I am always an astronomy fan. It’s funny, but when I was a little child how the universe is going to end is the question bothers me most. I believed at that time if we knew the answer to that question we might be able to prevent the end of the space happening. While I gradually grow up, I start to understand that there are so many things in this world that we are able to influence at all, for example, the end of the world if it has to come. Yet, moving away my attention from the “ending,” I start to have more interests in the “Dark Matters.”

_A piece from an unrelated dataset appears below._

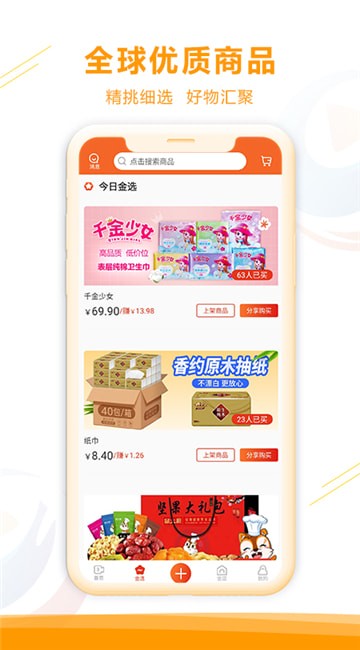 2、美妆、水果、服饰、美食等全球精选好货天天有,天天都会优惠购物;
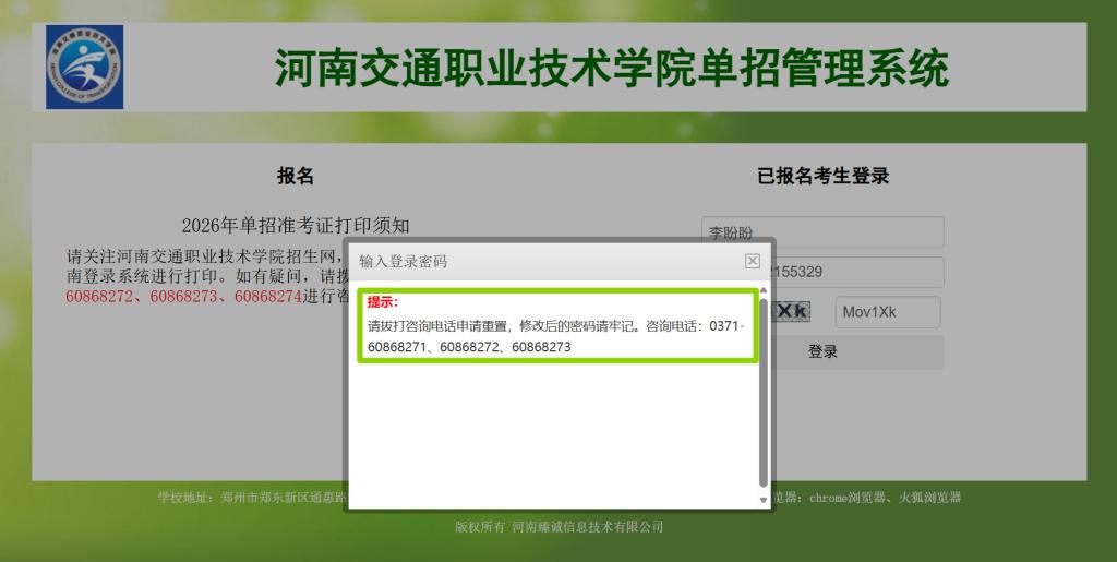 3)如忘记密码,请拨打0371-60868271、60868282、60868273重置密码。如图4所示。

According to Wiki, “Dark matter is a hypothetical kind of matter that cannot be seen with telescopes but would account for most of the matter in the universe. The existence and properties of dark matter are inferred from its gravitational effects on visible matter, on radiation, and on the large-scale structure of the universe. Dark matter has not been detected directly, making it one of the greatest mysteries in modern astrophysics.” However, “the total mass–energy of the known universecontains 4.9% ordinary matter, 26.8% dark matter and 68.3% dark energy.[2][3] Thus, dark matter is estimated to constitute 84.5% [note 1] of the total matter in the universe, while dark energy plus dark matter constitute 95.1% of the total mass–energy content of the universe."
The most part of universe is come up with something we cannot see, feel, or even detect. This is just like how we plan our life. Though people try to set up a solid way, accidents and coincidences still keep happening. How our lives are is sharpen by what we cannot see.